Best known for his drawings of sumptuous women, Elmer Simms Campbell enjoyed success in both magazine illustration and newspaper cartooning. One of the first African American artists to have a long-term contract with a national magazine, he was hired by Esquire in 1933, and he created its mascot, Esky, from 1939 until his death in 1971, Campbell also had a syndicated cartoon panel for King Features titled “Cuties,” an apt summary of its theme.

Elmer Simms Campbell was born in St. Louis, Missouri, on January 2, 1906. When he was four his father, a teacher and school administrator, died and the boy was sent to Chicago to live with an aunt. He completed high school in Chicago and attended the University of Chicago before transferring to study briefly at the Chicago Art Institute. He returned to St. Louis and, despite being advised against pursuing an art career because of his race, he freelanced for several publications and supported himself by working as a waiter on a dining car. He worked for Triad Studios, a large commercial art firm, for 18 months before moving to New York City in 1929.

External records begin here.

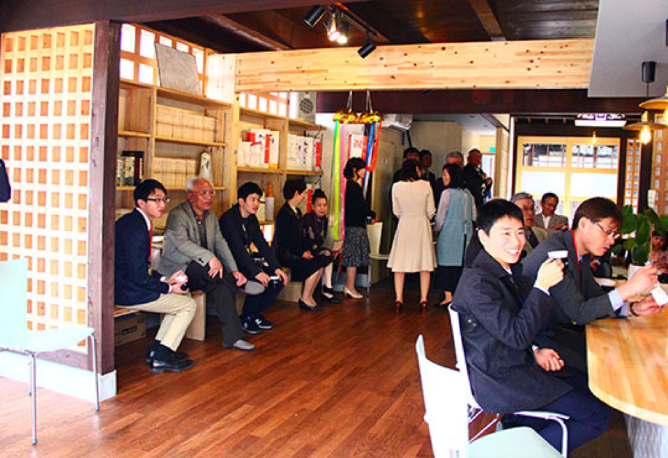 町内の空き家となっていた家屋について地元の人々が自ら活用方法を検討し、誰もが交流できる場所に改修。入口の近くにはキッチンカウンターが設置されており、コーヒーなどを飲みながら語り合えます。
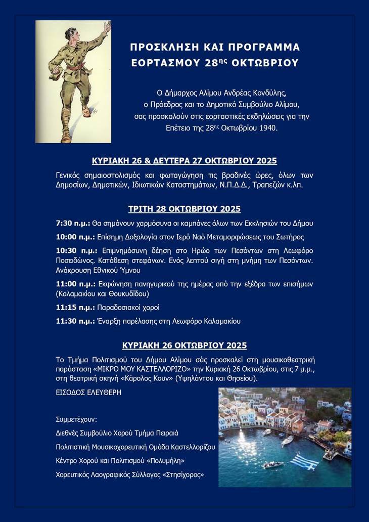 Ο Δήμος Αλίμου τιμά την εθνική επέτειο της 28ης Οκτωβρίου 1940, με πληθώρα εορταστικών εκδηλώσεων. Ο δήμαρχος Αλίμου, Ανδρέας Κονδύλης και το Δημοτικό Συμβούλιο καλούν κάθε δημότη και κάτοικο να συμμετέχει, δείχνοντας τιμή και σεβασμό στον αγώνα χιλιάδων Ελλήνων.
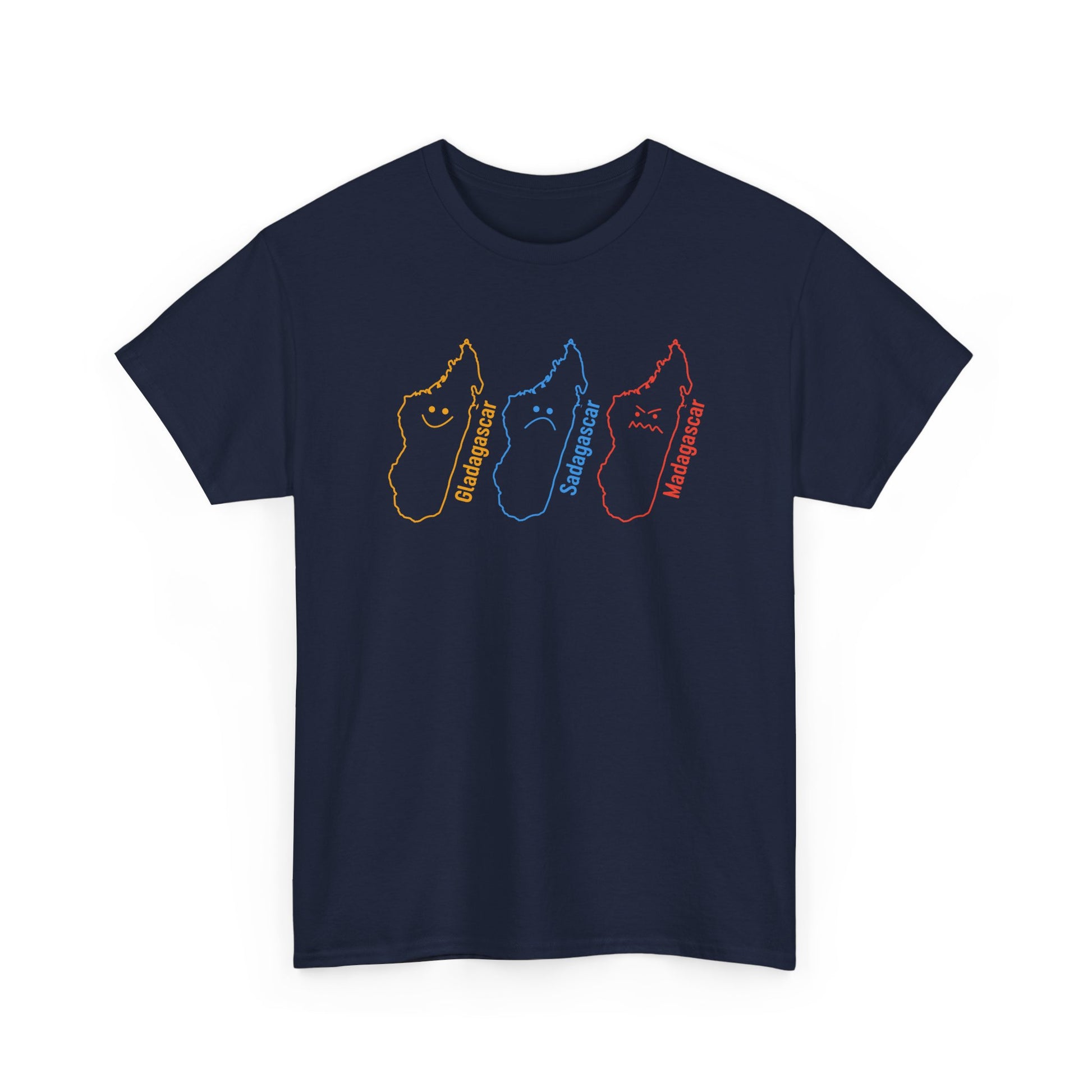 Funny Geography design with maps of Gladagascar, Sadagascar, and Madagascar. Cute design for geographers who love to read maps and are interested in the world maps and country maps. Funny Geography pun with funny variations of Madagascar design. Great geography joke design for geography teachers, geography students, and anyone who likes to study geography. This Geography Geographer Funny Gladagascar Sadagascar Madagascar item is designed by Geography Designs for Geographers by Fasaza. The unisex heavy cotton tee is the basic staple of any wardrobe. It is the foundation upon which casual fashion grows. All it needs is a personalized design to elevate things to profitability. The specially spun fibers provide a smooth surface for premium printing vividity and sharpness. No side seams mean there are no itchy interruptions under the arms. The shoulders have tape for improved durability. .: Made with medium fabric (5.3 oz/yd² (180 g/m²)) consisting of 100% cotton for year-round comfort that is sustainable and highly durable. .: The classic fit of this shirt ensures a comfy, relaxed wear while the crew neckline adds that neat, timeless look that can blend into any occasion, casual or semi-formal. .: The tear-away label means a scratch-free experience with no irritation or discomfort whatsoever. .: Made using 100% US cotton that is ethically grown and harvested. Gildan is also a proud member of the US Cotton Trust Protocol ensuring ethical and sustainable means of production. This blank tee is certified by Oeko-Tex for safety and quality assurance. EU representative: HONSON VENTURES LIMITED, gpsr@honsonventures.com, 3, Gnaftis House flat 102, Limassol, Mesa Geitonia, 4003, CY Product information: Gildan 5000, 2 year warranty in EU and Northern Ireland as per Directive 1999/44/EC Warnings, Hazard: For adults, Made in Nicaragua Care instructions: Machine wash: warm (max 40C or 105F), Non-chlorine: bleach as needed, Tumble dry: medium, Do not iron, Do not dryclean

Famously hard working, Campbell drew advertisements, caricatures, cartoons, and sold gags to other artists. He enrolled at the Academy of Design and studied at the Art Students League, where he met other artists and became part of the New York art world as he began to make the round of magazine editors. The young artist moved to Harlem, and met singer Cab Calloway, who became a good friend. Campbell created a popular “Night-Club Map of Harlem” which showed the locales of area hot spots. He was a handsome man who enjoyed partying until the wee hours, but he prided himself on never missing a deadline.

In 1932 Campbell illustrated a book of poetry by Sterling Brown titled Southern Road. The next year, he illustrated Popo and Fina, a gentle story set in Haiti written by Arna Bontemps and Langston Hughes. The beautifully crafted woodcut style of these book illustrations is an interesting departure from the fine brushwork of Campbell’s cartoons and magazine illustrations.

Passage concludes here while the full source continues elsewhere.